The theoretician of the Big Society is Phillip Blond, 44 years old, born in Liverpool and professor of theology and political philosophy at Cambridge. Today he manages the London-based think tank ResPublica, which has become one of reference points for ideas of the new English right. It was Phillip Blond who suggested to David Cameron the road to Big Society. I interviewed him a few weeks ago in his office in London.
Professor Blond, what is Big Society?
A new form of society that seeks to resolve two great problems: the excessive concentration of power in the state and the enormous power of the market. Big Society is a society in which single individuals, brought together in associations, become the recipients of a profound political and economic decentralization, personally managing public services instead of the state. A society capable of putting the power to change things back into the hands of its citizens, distributing money to a greater number of people and entrusting those same people with the task of supervising the proper operation of public services.
Do examples of this model already exist?
Embryos of Big Society can already be found today in the autonomous management of health care in Lombardy, in the delocalization of the German economic model, in the strong civic sense of Denmark and the Scandinavian countries and in their high level of participation in local communities, but also in the strong autonomy of the federalism of the U.S. and in the participation of the Brazilian people in the planning of the state budget.
It seems like an idea of the far left. How will the powerful groups that finance the Tories react?
The new English right isn't reactionary, it seeks the conservation of society and of the relationships between people: that is to say what at the end of the day really determines their future. What I'm proposing is actually more radical than anything that the modern left has done in the last one hundred years: to entrust public infrastructures and services to citizens, so that they can use them to improve the quality of their lives. Many English conservatives have understood this and are now inclined to proceed in this direction.
Who will finance the creation of these associations?
The state especially, through a special bank called the Big Society Bank. But also private banking institutions will have incentives to participate.
And who will supervise the citizens appointed to supply these services?

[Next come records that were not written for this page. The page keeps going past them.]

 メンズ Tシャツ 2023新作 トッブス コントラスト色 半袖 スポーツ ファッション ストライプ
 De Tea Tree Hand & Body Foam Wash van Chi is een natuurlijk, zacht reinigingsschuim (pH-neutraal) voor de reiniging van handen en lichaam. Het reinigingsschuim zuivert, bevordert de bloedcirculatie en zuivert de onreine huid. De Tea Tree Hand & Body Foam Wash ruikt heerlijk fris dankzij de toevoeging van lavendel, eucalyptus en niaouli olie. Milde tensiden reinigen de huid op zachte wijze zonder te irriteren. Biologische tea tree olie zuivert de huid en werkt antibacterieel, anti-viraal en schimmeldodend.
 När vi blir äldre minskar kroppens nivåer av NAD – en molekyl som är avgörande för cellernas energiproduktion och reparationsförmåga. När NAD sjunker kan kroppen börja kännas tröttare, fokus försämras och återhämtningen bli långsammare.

They themselves will. The fixes standards that they will be held to and establishes economic incentives for who works best. But the true value of Big Society lies in the fact that if someone decides to supply a service to themselves, to their family and to their community, they will do it almost certainly better than the state does, which acts from high and far away.

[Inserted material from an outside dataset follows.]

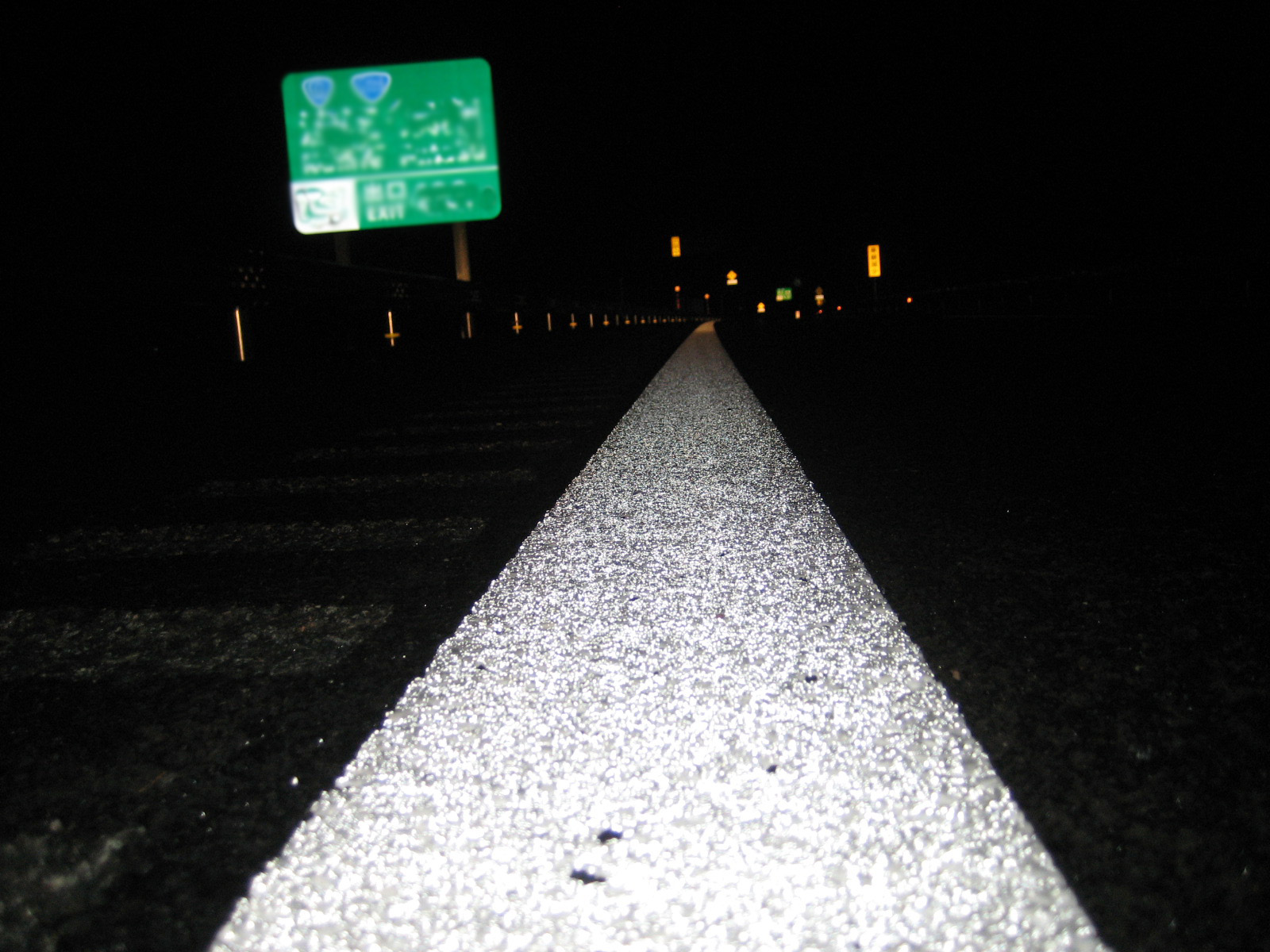 画期的な特殊ビーズである「plus9spots®BEADS」により、晴天時は非常に高い反射性能を発揮し、雨天時でも高い視認性を確保します。夜間晴天時及び雨天、湿潤時にもこれまでにない反射性能を発揮する超高輝度全天候型路面標示です。

How will these associations be able to compete with large industrial groups?
The European social state fights monopolies, but in fact has contributed to creating them. In Big Society the market continues to exist, but is open to a much bigger number of people.
Don't you think that entrusting the management of society to citizens may eventually threaten the very idea of the state?
The threat isn't to the state, but to a certain type of state, in which citizens have few possibilities to make a real difference in their lives. I find such a threat quite desirable.
Could the non-profit model ever take the place of an economy dominated by profit?
There's nothing wrong with profit: it's a way to reward those who work hard. That which we need to fight against is capitalism, where the value of objects prevails over the values of man.